Typically, in CMT, nerve conduction velocities that are near normal present in CMT2, but not in CMT1. However, in CMT1B, although typical nerve conduction velocities are 5-15 m/sec, studies have shown that nerve conduction velocities can exhibit a range of 4-59 m/sec, far exceeding the 38 m/sec ceiling threshold for CMT1. In one paper, researchers report normal nerve conduction velocities in younger members of a family with 1B, whereas older relatives in the same family had severely slowed nerve conduction velocities. In another study of a single family with 1B, nerve conduction velocities were significantly slower than what is associated with 1A, yet in another study, researchers compared 119 CMTers who had 1A to 10 CMTers who had 1B, and found no nerve conduction velocity differences. Adding to the diagnostic confusion with demyelinating CMT, let me introduce you to the nerve conduction velocities exhibited in CMTX1.
X-Linked CMT subtype 1, that is, CMTX1, has a disease process that is primarily demyelinating. We know this because the underlying responsible gene mutation is in a gene that codes a molecular process in peripheral nerve myelin. However, nerve conduction characteristics tend to be more variable than what is typically associated with demyelinating CMT, and axonal features are more common. Nerve conduction characteristics can be asymmetrical like what is typically associated with axonal CMT. Nerve conduction block can also occur with CMTX1, unlike what is typically seen in other demyelinating types of CMT. The nerve conduction velocity range in CMTX1 is typically 25-43 m/sec in men, and 31-50 m/sec in women, falling well within that of Intermediate CMT. The consensus is that the difference between men and women is because of the number of X chromosomes each have. Although the nerve conduction characteristics depict an Intermediate CMT, we know that CMTX1 is demyelinating because of its underlying responsible gene mutation.
The responsible mutation for CMTX1 is a mutation in the GAP JUNCTION PROTEIN, BETA 1 gene (GJB1). To generalize, in peripheral nerve myelinating Schwann cells, the GJB1 gene facilitates the transfer of nutrients, ions, and other molecules to the inner most myelin layers. The responsible mutation causes a dysfunction of those transfers. Therefore, and despite its electrodiagnostic characteristics, CMTX1 is a demyelinating CMT. This example perfectly illustrates that making the distinction between demyelinating CMT and axonal CMT cannot rest solely on nerve conduction characteristics.

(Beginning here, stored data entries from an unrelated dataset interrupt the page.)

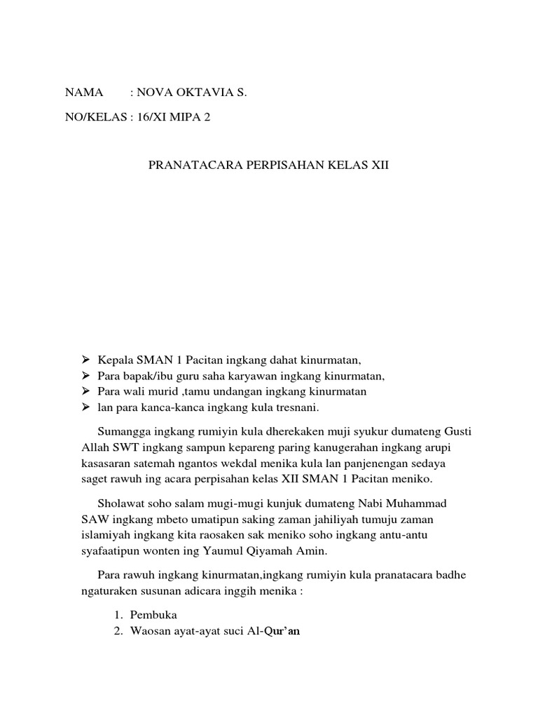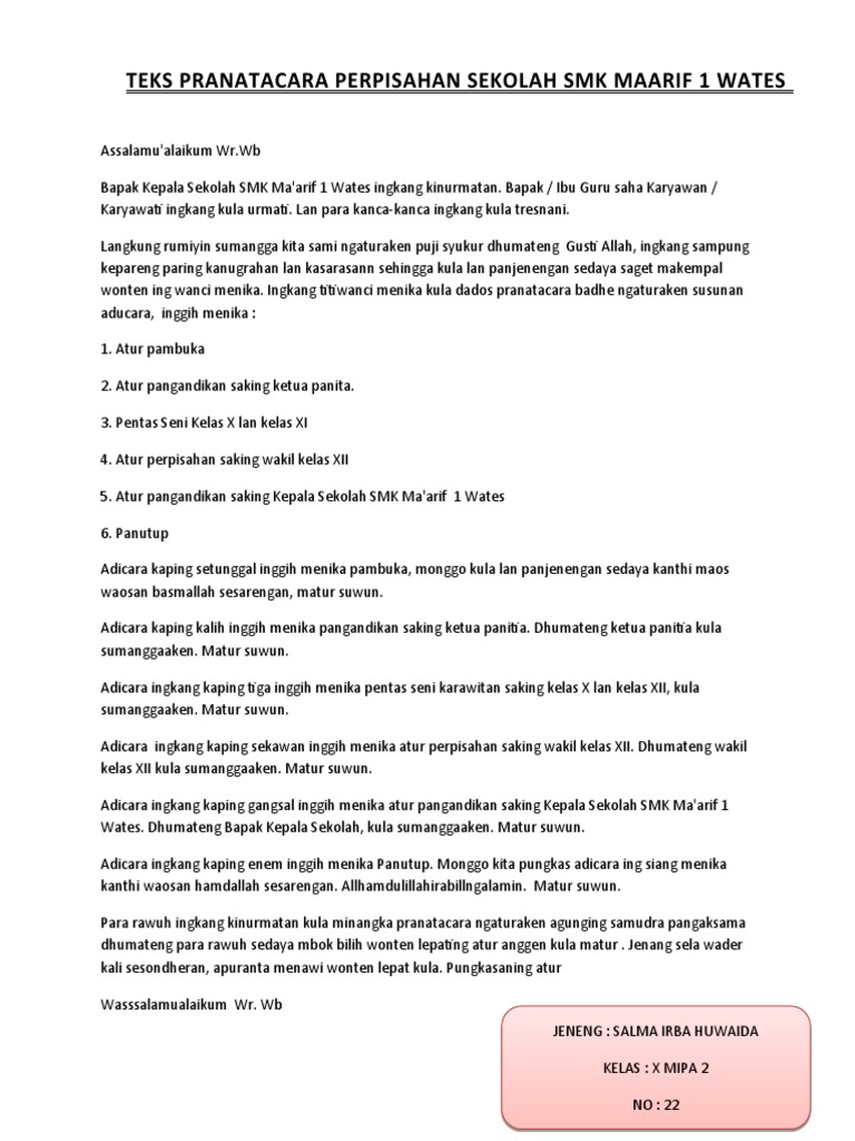 contoh soal shu: Contoh Pidato Bahasa Jawa Tentang Perpisahan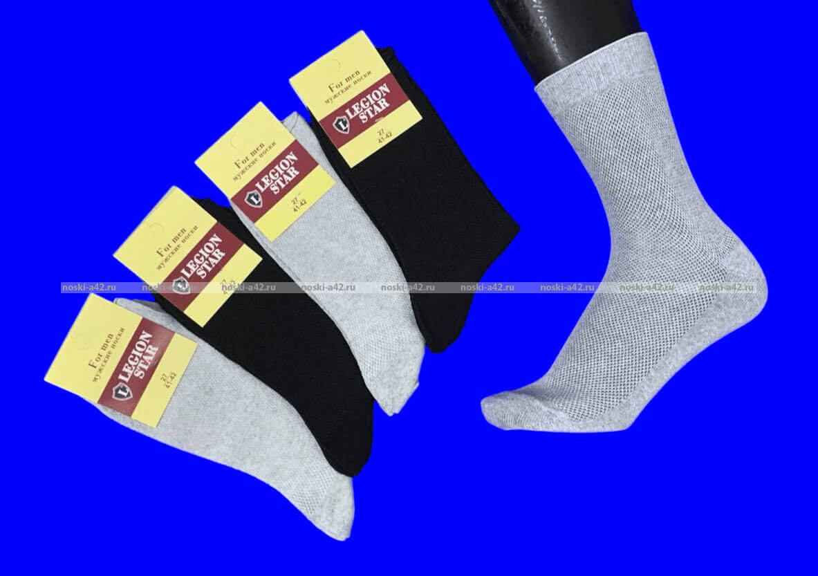 Легион носки мужские сетка оптом. Носки выпускаются в черном и сером цвете. В упаковке 10 пар одного размера и цвета.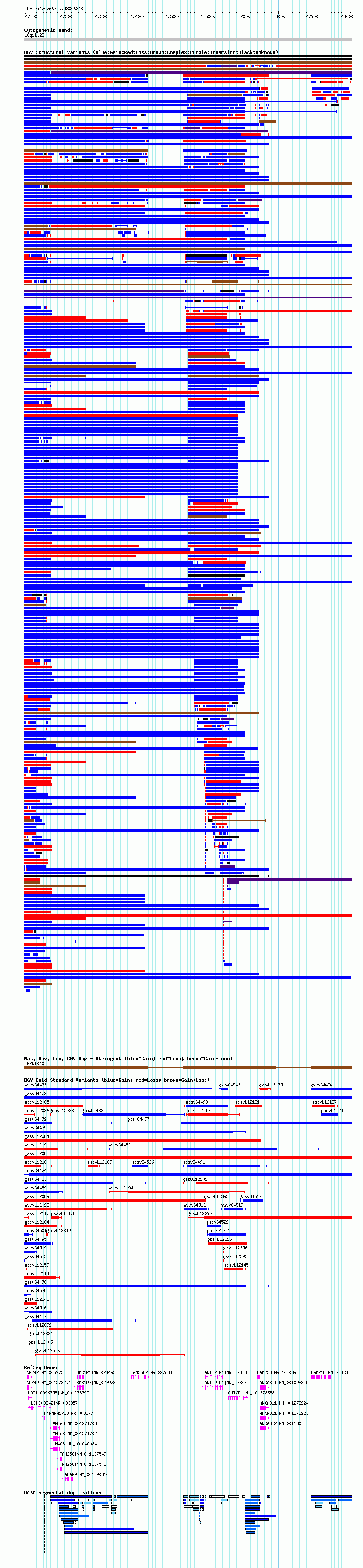 | | Variant Type | CNV gain | | Copy Number | | | Allele State | | | Allele Origin | | | Probe Count | | | Validation Flag | | | Merged Status | M | | Merged Variants | | | Supporting Variants | esv3577061, esv3577116, esv3577127, esv3577072 | | Samples | 400897MD, 400855BD, 401308LD, 400050RL | | Known Genes | AGAP9, ANTXRL, ANTXRLP1, ANXA8, ANXA8L1, ANXA8L2, BMS1P2, BMS1P6, FAM21B, FAM25B, FAM25C, FAM25G, FAM35DP, HNRNPA1P33, LINC00842, LOC100996758, NPY4R | | Method | SNP array | | Analysis | We used four separate algorithms to detect CNVs; Affymetrix Chromosome Analysis Suite (ChAS), iPattern, Nexus and Partek. Our primary analysis was performed based on ChAS CNV calls, which were then supported using the remaining three algorithms to construct a confidence set of CNVs. For all algorithms, we have used 8 probes and >1kb as a base line cutoff for CNV detection. | | Platform | Affymetrix CytoScan HD 2.7M array | | Comments | | | Reference | Uddin_et_al_2014 | | Pubmed ID | 25503493 | | Accession Number(s) | dgv228e212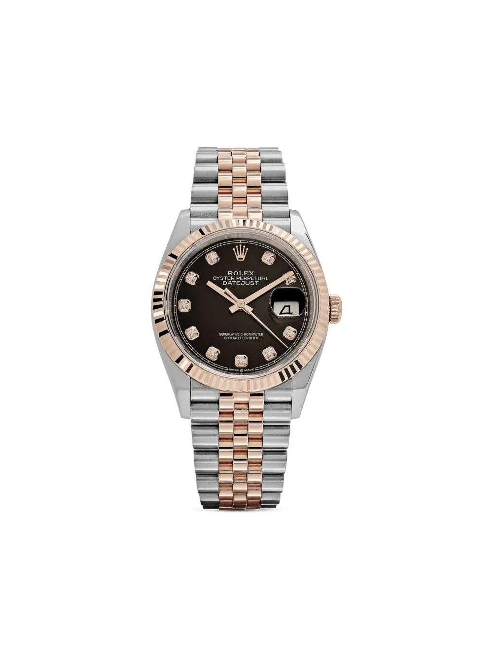 pre-owned 36 mm noir or rose 18ct/acier inoxydable boîtier rond lunette cannelée verre saphir cadran pavé de diamants heures, minutes et secondes centrales loupe Cyclope signature couronne vissée mouvement automatique bracelet Jubilee signature fermoir déployant Cette montre a été évaluée et authentifiée par les horlogers WRIST AFICIONADO. Boîte et documents originaux inclus. Cet article bénéficie d’un an de garantie standard proposé par la boutique partenaire. État : EXCELLENT. Cette article pre-owned est dans un état presque parfait et ne présente aucun signe d’usure.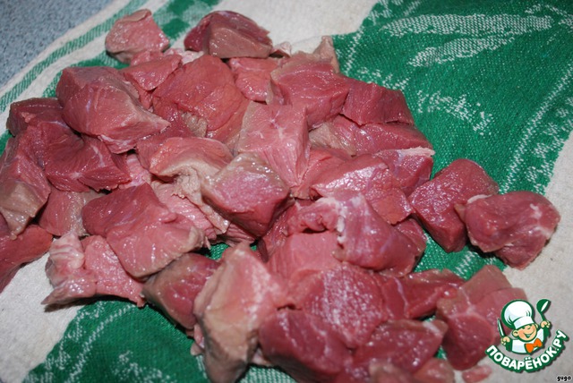 Мясо режем кубиками,приблизительно 3*3 см,просушиваем на бумажном полотенце.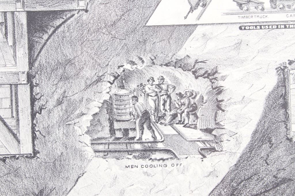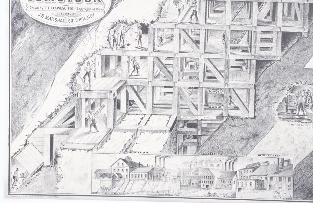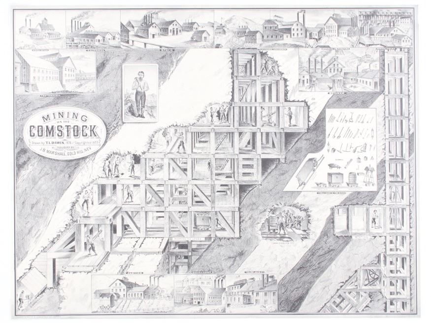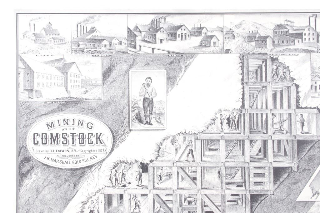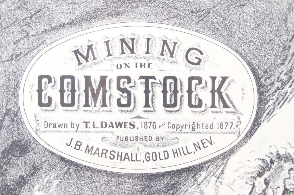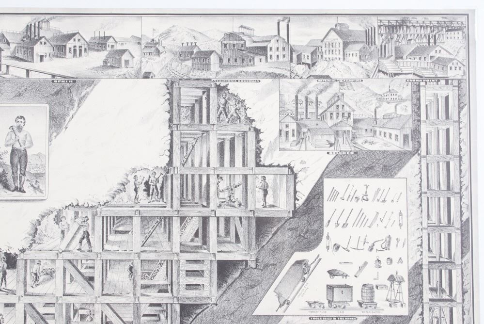 Featured in this lot is this is this engraving called "Mines of the Comstock by T.L. Dawes. Originally created in 1876 and was copyrighted in 1877. This engraving shows a interior of a mine with various building locations of Comstock mine operations including: Sierra Nevada, California, Ophir, Calidonia & Overman, Imperial & Empire, Crown Point, Con. Virginia, Belcher, Justice, Gould & Curry, and Yellow Jacket. It also shows frequently used tools in the mines. The label reads as follows: Mining on the Comstock - Drawn by T.L. Dawes, 1876 and copyrighted 1877 published by J.B. Mashall, Gold Hill, Nev. Down at the bottom reads: Engraved & Printed by Le Count Bros San Francisco. The condition of this engraving is good with no obvious signs of damage and in good overall well preserved condition. The measurements of this engraving are 21 3/8" x 28".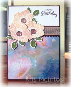 I made the card I am sharing with you today for my youngest daughter who celebrated her birthday yesterday. Happy Birthday Emma. I attached a piece of Perennial Essence Designer Series Paper to Whisper White card. I stamped the greeting from the Beautiful Bouquet stamp set onto the upper right hand corner using Blackberry Bliss ink. I cut both edges of a strip of Blackberry Bliss card using the edgelit die from the Stitched Be Mine Dies. I attached the die cut piece over the top edge of the Designer Series Paper and wrapped the panel with the Petal Pink 5/8″ Organdy Striped Ribbon before attaching to scored and folded Blackberry Bliss card.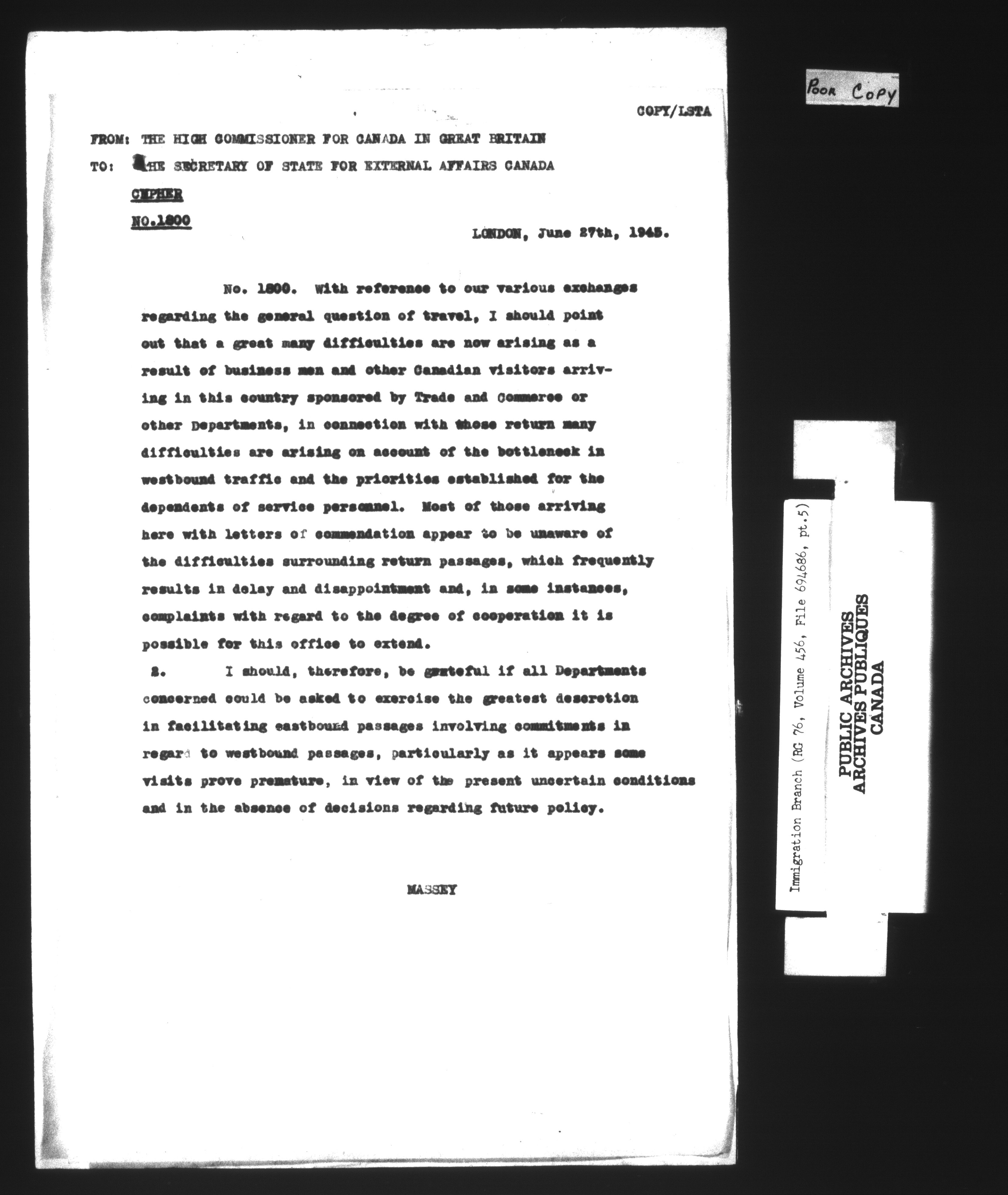 Subject, policy and case files in the First Central Registry series of the Immigration Program, 1892-1950 - 10397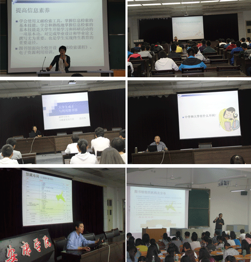 为确保本学年新生入馆教育工作顺利进行,图书馆本学期开始就积极组织,认真筹划:选派馆内业务骨干精心制作《入馆指南》,集体讨论、修改培训课件《大学生成才与利用图书馆》,积极与各系联系安排培训时间;培训开始后,深入各院系,利用同学们的时间,在晚自习开展讲座;培训中利用多媒体课件,通过操作演示,提问互动等方式生动、直观地介绍了图书馆概况、资源分布、开放时间、借阅规则、资源利用、服务概览及丰富多彩的读者活动,希望同学们在大学期间,学会获取知识的有效途径,提高学习能力,做一个优秀读者,鼓励同学们充分利用图书馆资源,在大学里成人成才。培训课后,图书馆还为每位新生读者发放了精美的《入馆指南》,以便新生更直观的了解图书馆的服务,更好的利用好图书馆资源。
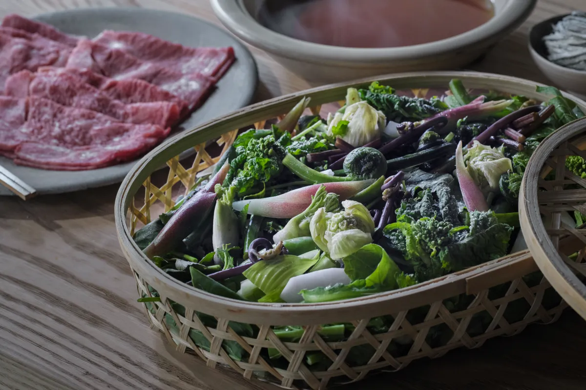 この季節限定の鍋は、春と共に芽吹く山菜の魅力を引き出した一品です。特製だしにサッと山菜をくぐらせることで、香りとほろ苦さが引き立てられます。上質な牛サーロインをしゃぶしゃぶのように合わせ、春の滋味と肉の旨みが絶妙に馴染んでいます。締めには桑麺が用意されており、春の余韻が最後の一口まで楽しめる設計です。門出を迎える特別な夜や大切な人を招いての春の集いにぴったりの一鍋です。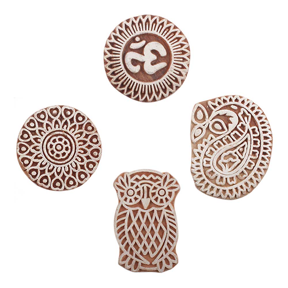 Set of 4 Piece New Mix Wooden Printing Block. Ideal for use on Fabric, Paper, Canvas, etc. These Blocks can be use to Print with Oil Colors, Fabric Colors, Water Colors, Acrylic Colors and Vegetable Colors.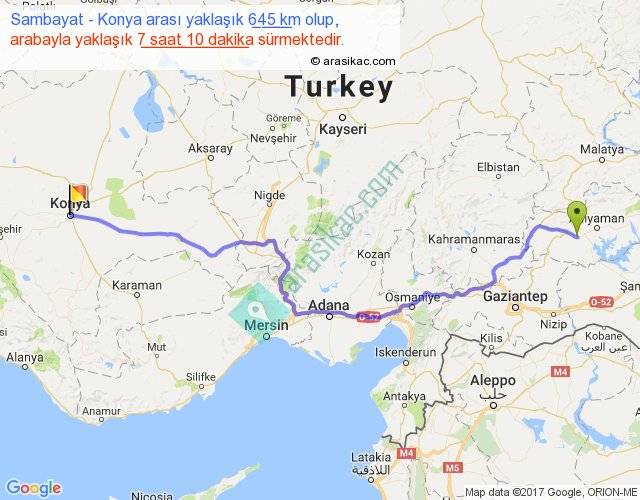 Sambayat - Konya arası yaklaşık olarak 90 km/h ile yukarıda belirtilen sürede olup, iki yerin kuş uçuşu uzaklığı (mesafesi) 487'dir. Eğer belirtilen yerler arasında uçak seferi var ise bu süre uçakla 44 dakika'ya kadar düşebilir. Yolculuk otobüsle 9 saat 19 dakika sürmektedir.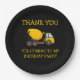 Batedor de cimento amarelo e preto, pratos de papel "obrigado você", festa de aniversário de criança. Texto diz, "Obrigado por vir à minha festa de aniversário"

The examples we discussed are just a small snippet of the exceptions to the rules for CMT nerve conduction characteristics that can serve as a guide to the doctor when differentiating between demyelinating, axonal, and Intermediate CMT. These few examples also demonstrate that the doctor cannot rely solely on electrodiagnostic findings to diagnose CMT. Electrodiagnostic findings are only one part of the diagnostic picture for CMT, just as are clinical symptoms. As discussed and demonstrated, the nerve conduction characteristics, when considered together with clinical symptoms and patient complaints, can be sufficient for the doctor to diagnose CMT. The limit to this is being able to pinpoint the exact subtype. Outside of an established family history of genetically confirmed CMT, the only way to know the exact subtype is through genetic testing. True to form with CMT though, when a genetic test does not identify the underlying responsible genetic cause, but nerve conduction characteristics and clinical symptoms are consistent with CMT, the non-confirmatory genetic test result is not a reliable diagnostic tool. The genetic test for CMT is not required for diagnosing CMT, but only for pinpointing the exact subtype.